# SUPPLIED DATA:
=======

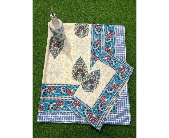 Surprisingly soft for being so budget-friendly, this Jaipuri bedsheet set adds a wonderful dose of coziness to any well-made bed. The silky-soft sheet set makes a nice choice for a bedroom, guest room, college dorm room, hotels, and especially for just-moved-in new apartments. We spend one-third of our day on our beds hence the touch of the sheet to the skin is very important. Finished with Anti-bacterial and Anti-Fungal, breathable twill cotton fabric, these sheets provide the healthy comfort your body needs at night. Not to mention in the day when you see it so prettily spread on the bed gives you that positive and uplifting vibe to your mood all day long. It's Time to surround yourself with this beautiful organic bed sheet.
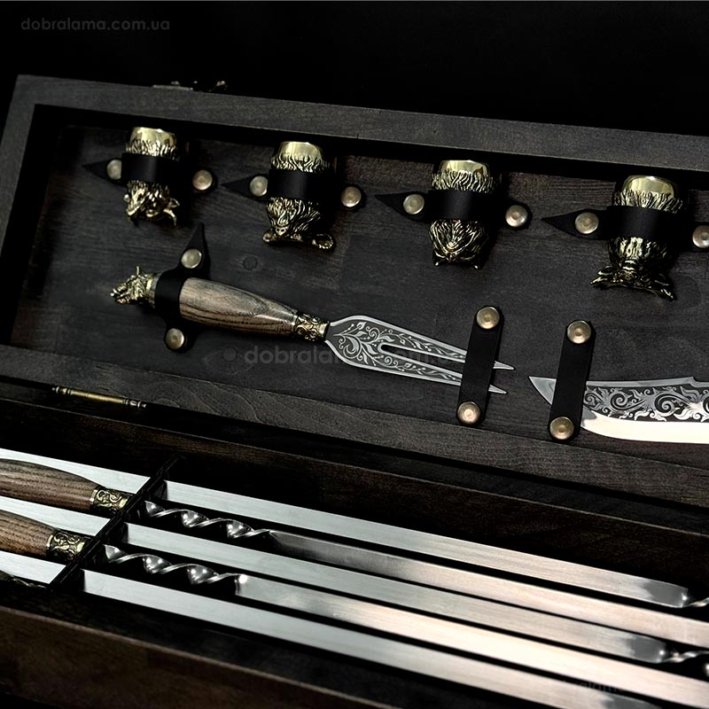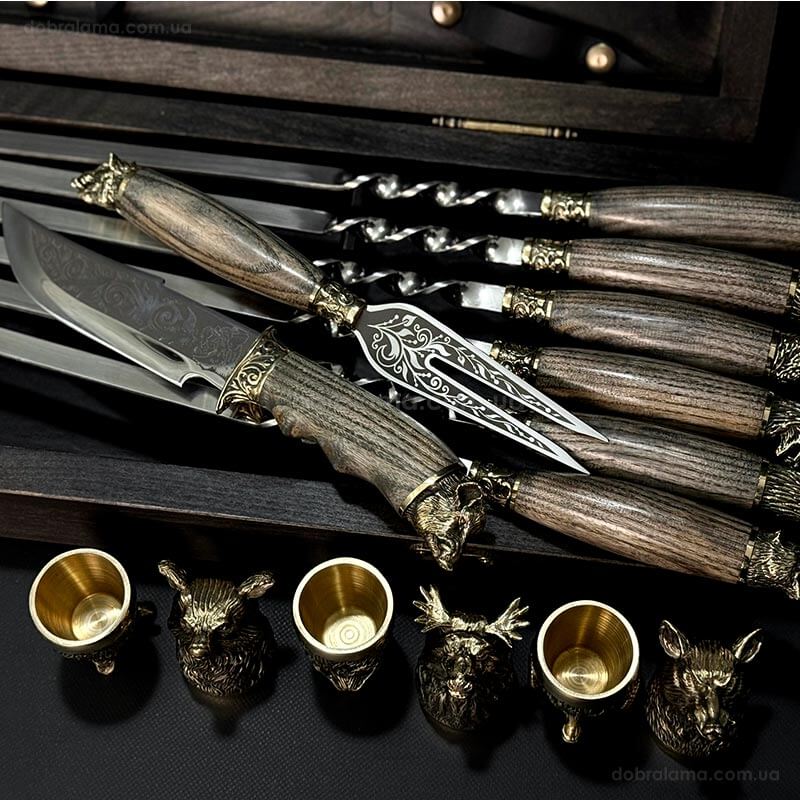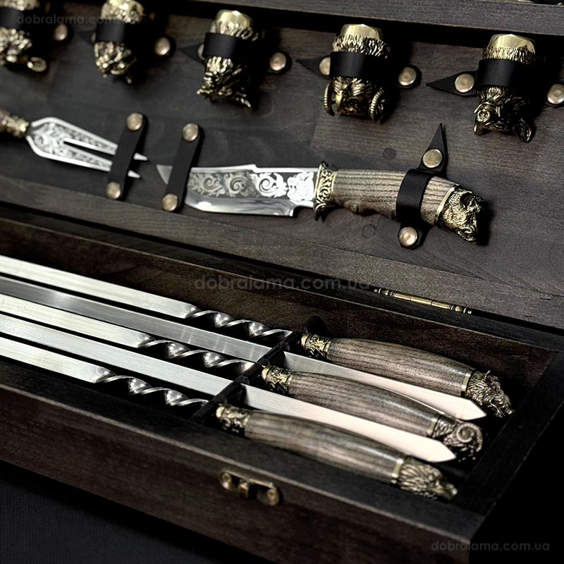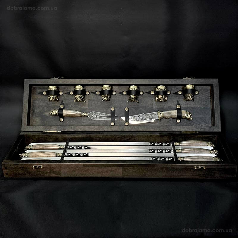 Набір для шашлику «Мисливський» з дерев'яними ручками (в дерев'яному кейсі)
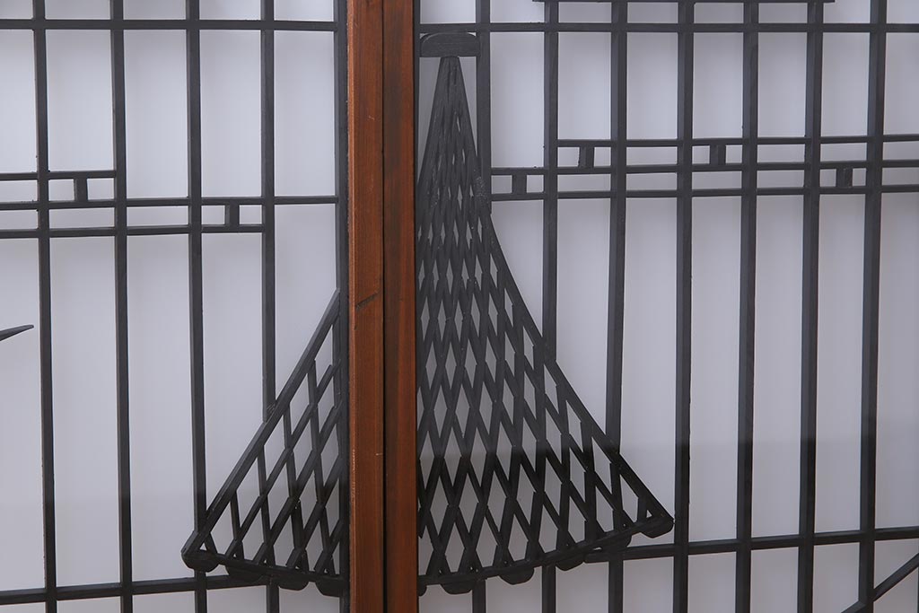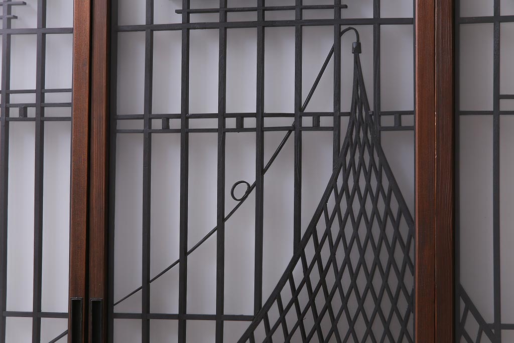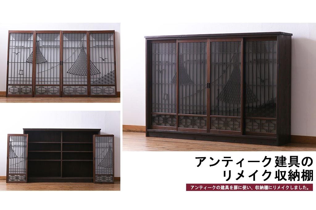 ラフジュ工房オリジナル 干し網・投げ網組子の書院戸をリメイクした収納棚(戸棚)

=======

# EXERCISE PROMPT:
Where the line containing "Набір для шашлику" appears, begin writing out the lines word for word, and continue through the last line of the data, leaving out pictures.

# TASK RESPONSE:
 Набір для шашлику «Мисливський» з дерев'яними ручками (в дерев'яному кейсі)
 ラフジュ工房オリジナル 干し網・投げ網組子の書院戸をリメイクした収納棚(戸棚)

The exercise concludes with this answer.